_YOUR INSTRUCTIONS:_ Since the listing below shows pictures, leave them out and write out exactly the lines from the line with "Nồi chiên không dầu nine shield" to the line with "AVIC Hangte 4109", both included, and no others.

-- DATA EXTRACT follows --

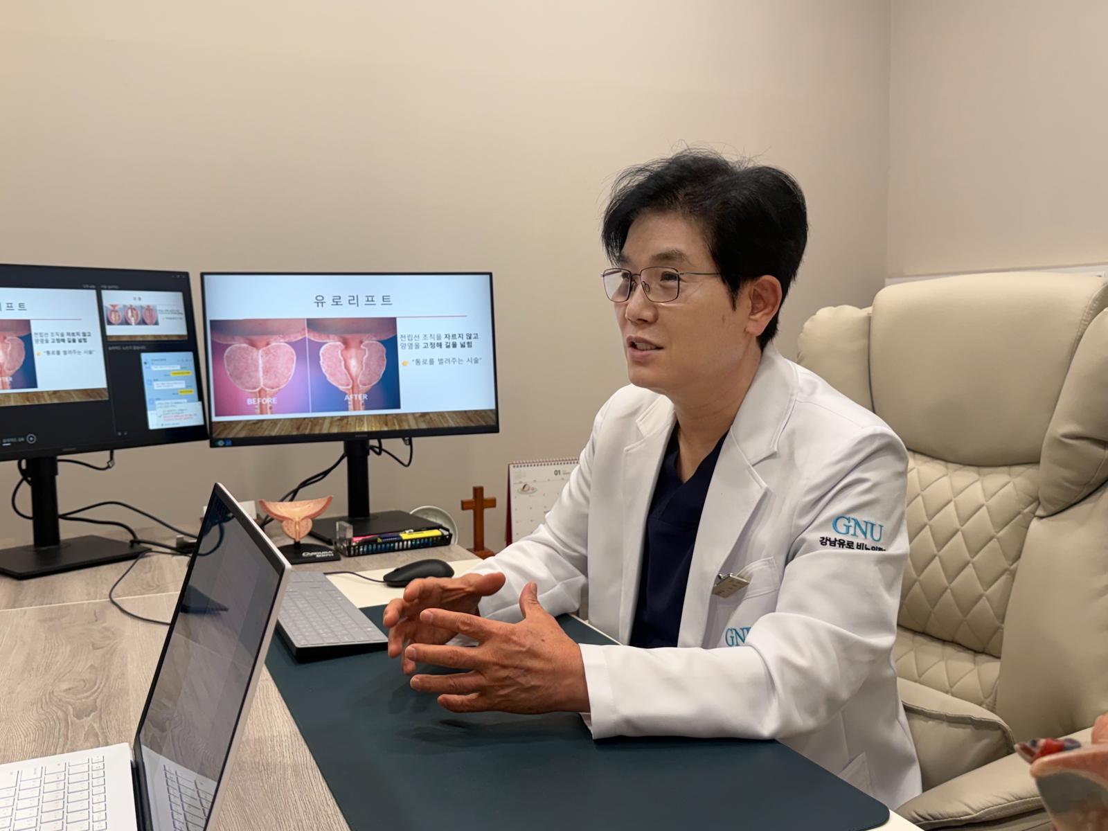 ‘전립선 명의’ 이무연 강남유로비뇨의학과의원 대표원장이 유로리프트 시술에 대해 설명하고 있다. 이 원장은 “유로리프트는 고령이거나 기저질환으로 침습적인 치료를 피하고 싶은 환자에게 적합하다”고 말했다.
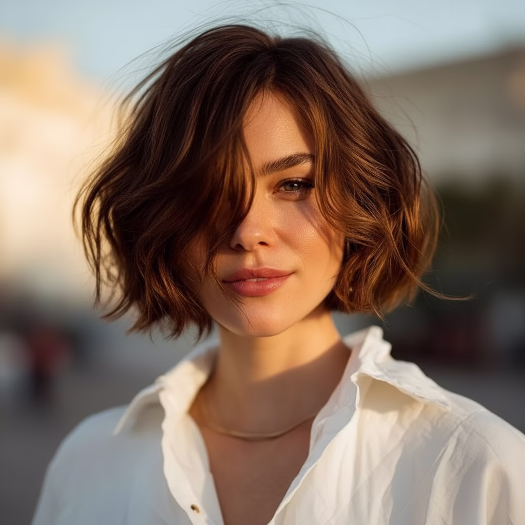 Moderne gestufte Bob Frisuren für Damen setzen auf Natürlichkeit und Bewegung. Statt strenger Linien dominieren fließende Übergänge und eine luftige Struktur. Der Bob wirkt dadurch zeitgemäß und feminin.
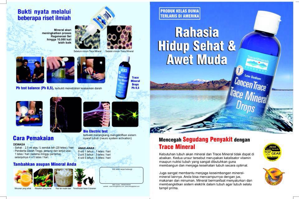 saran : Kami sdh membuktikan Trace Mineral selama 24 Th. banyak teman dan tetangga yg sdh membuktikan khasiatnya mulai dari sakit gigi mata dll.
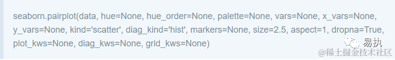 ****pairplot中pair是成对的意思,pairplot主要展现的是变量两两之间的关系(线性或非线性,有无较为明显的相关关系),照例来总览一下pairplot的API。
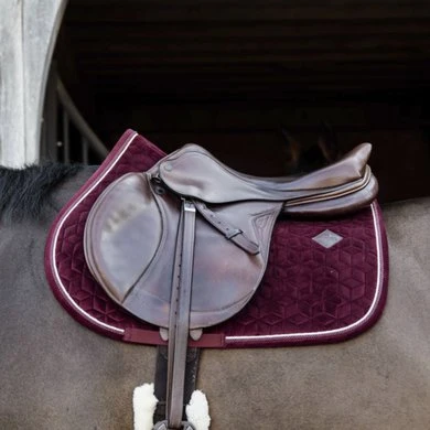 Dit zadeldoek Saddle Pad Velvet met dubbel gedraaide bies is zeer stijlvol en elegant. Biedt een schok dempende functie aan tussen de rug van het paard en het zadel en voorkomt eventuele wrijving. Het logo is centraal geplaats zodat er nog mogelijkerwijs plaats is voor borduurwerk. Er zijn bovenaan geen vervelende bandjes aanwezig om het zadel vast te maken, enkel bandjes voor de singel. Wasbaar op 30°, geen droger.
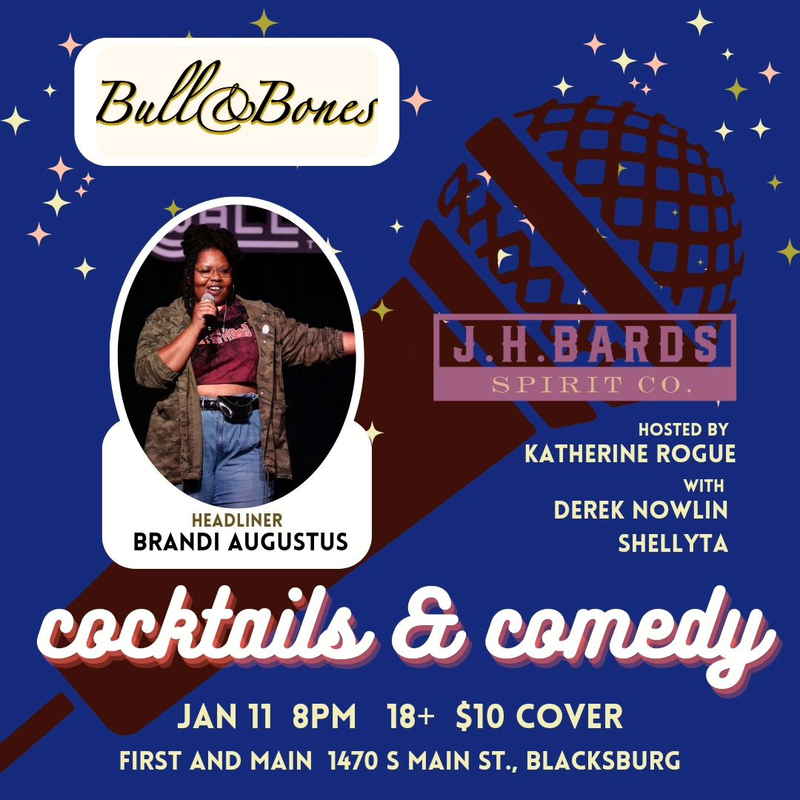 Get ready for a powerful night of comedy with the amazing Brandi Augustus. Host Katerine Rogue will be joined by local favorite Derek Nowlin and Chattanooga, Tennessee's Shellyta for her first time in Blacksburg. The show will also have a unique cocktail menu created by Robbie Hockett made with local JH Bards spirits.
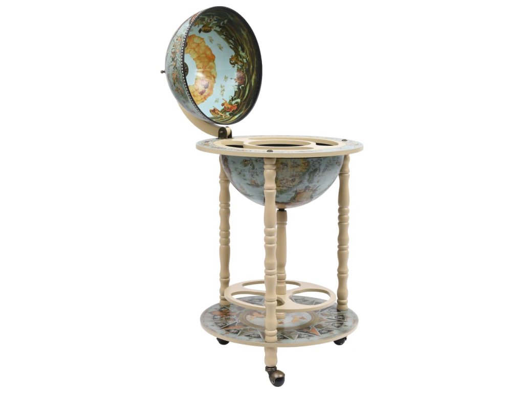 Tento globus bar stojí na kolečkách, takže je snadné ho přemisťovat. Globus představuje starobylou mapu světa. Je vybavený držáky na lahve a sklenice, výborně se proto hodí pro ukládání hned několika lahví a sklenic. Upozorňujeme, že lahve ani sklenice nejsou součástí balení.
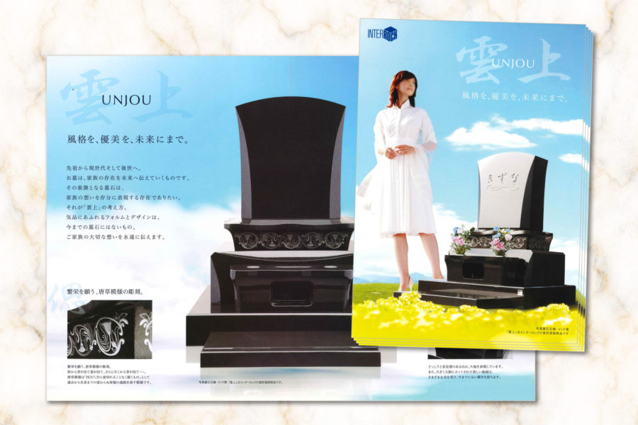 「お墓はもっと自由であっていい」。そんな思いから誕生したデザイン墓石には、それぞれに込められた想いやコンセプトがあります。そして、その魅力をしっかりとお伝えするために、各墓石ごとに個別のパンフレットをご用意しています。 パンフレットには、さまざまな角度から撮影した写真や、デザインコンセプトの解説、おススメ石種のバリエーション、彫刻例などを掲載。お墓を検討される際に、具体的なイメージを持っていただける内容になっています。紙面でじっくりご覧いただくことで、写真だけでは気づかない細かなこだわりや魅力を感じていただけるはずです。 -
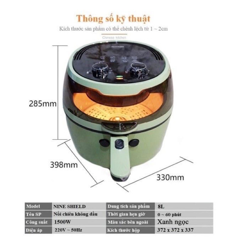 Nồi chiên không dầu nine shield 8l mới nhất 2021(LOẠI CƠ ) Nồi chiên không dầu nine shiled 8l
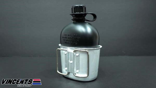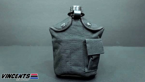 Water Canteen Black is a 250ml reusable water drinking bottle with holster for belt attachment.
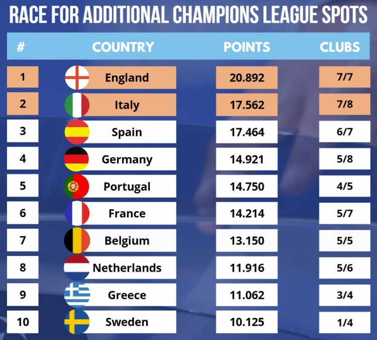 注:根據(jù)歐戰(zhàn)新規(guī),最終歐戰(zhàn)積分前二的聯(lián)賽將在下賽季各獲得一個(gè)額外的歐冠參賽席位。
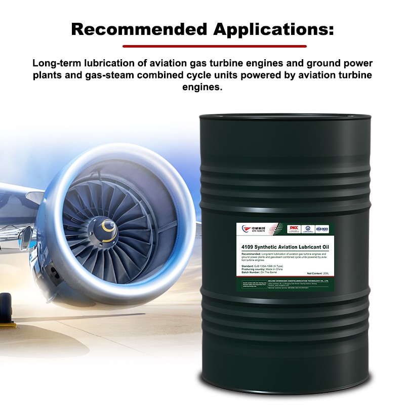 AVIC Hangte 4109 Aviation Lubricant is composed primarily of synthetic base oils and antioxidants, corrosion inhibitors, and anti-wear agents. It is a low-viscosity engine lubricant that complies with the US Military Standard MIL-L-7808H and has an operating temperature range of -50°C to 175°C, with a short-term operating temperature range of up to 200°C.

-- DATA EXTRACT concluded --
-- DATA EXTRACT follows --

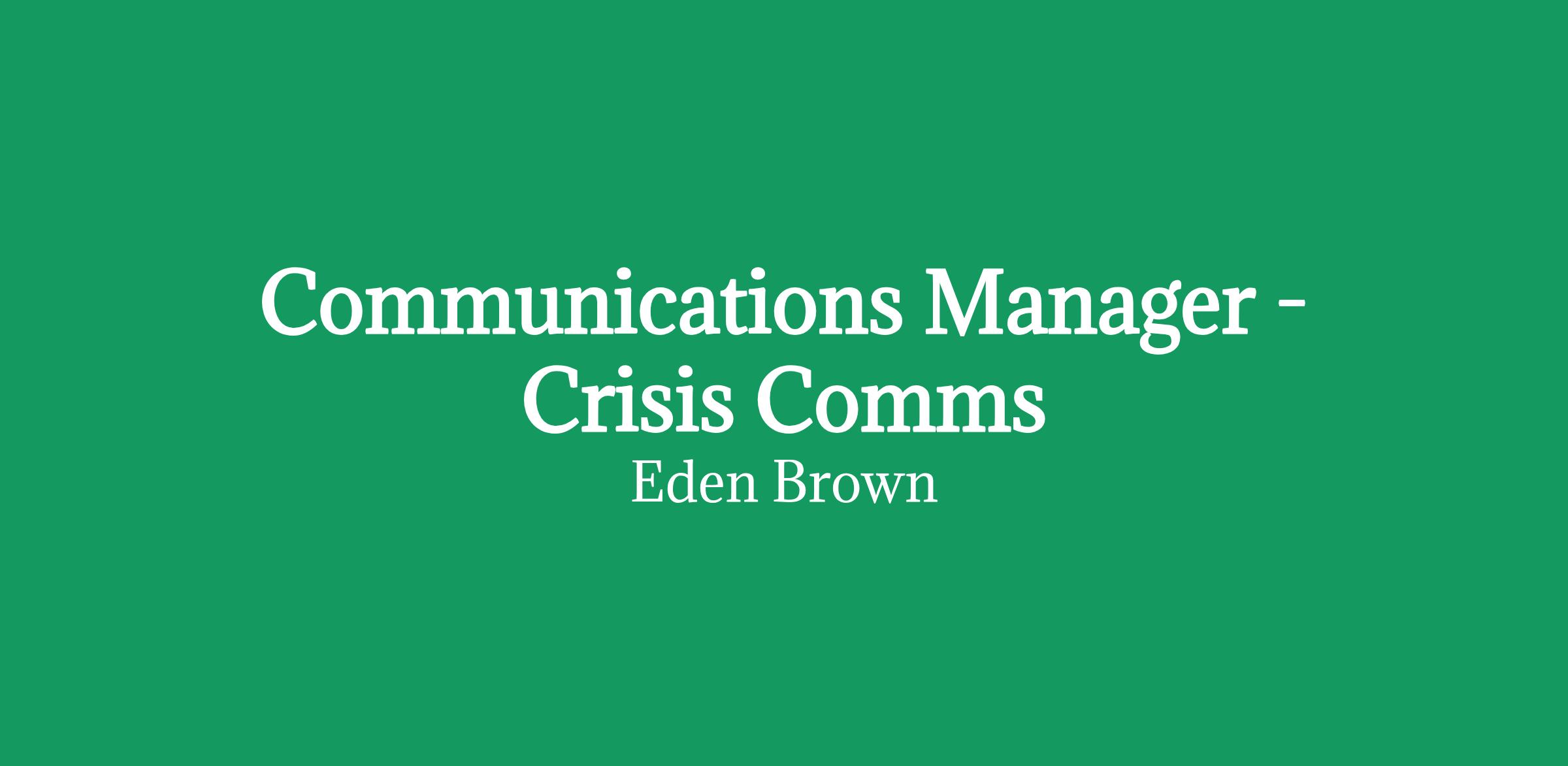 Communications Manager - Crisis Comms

-- DATA EXTRACT concluded --

_PROBLEM SOLUTION:_
 Nồi chiên không dầu nine shield 8l mới nhất 2021(LOẠI CƠ ) Nồi chiên không dầu nine shiled 8l
 Water Canteen Black is a 250ml reusable water drinking bottle with holster for belt attachment.
 注:根據(jù)歐戰(zhàn)新規(guī),最終歐戰(zhàn)積分前二的聯(lián)賽將在下賽季各獲得一個(gè)額外的歐冠參賽席位。
 AVIC Hangte 4109 Aviation Lubricant is composed primarily of synthetic base oils and antioxidants, corrosion inhibitors, and anti-wear agents. It is a low-viscosity engine lubricant that complies with the US Military Standard MIL-L-7808H and has an operating temperature range of -50°C to 175°C, with a short-term operating temperature range of up to 200°C.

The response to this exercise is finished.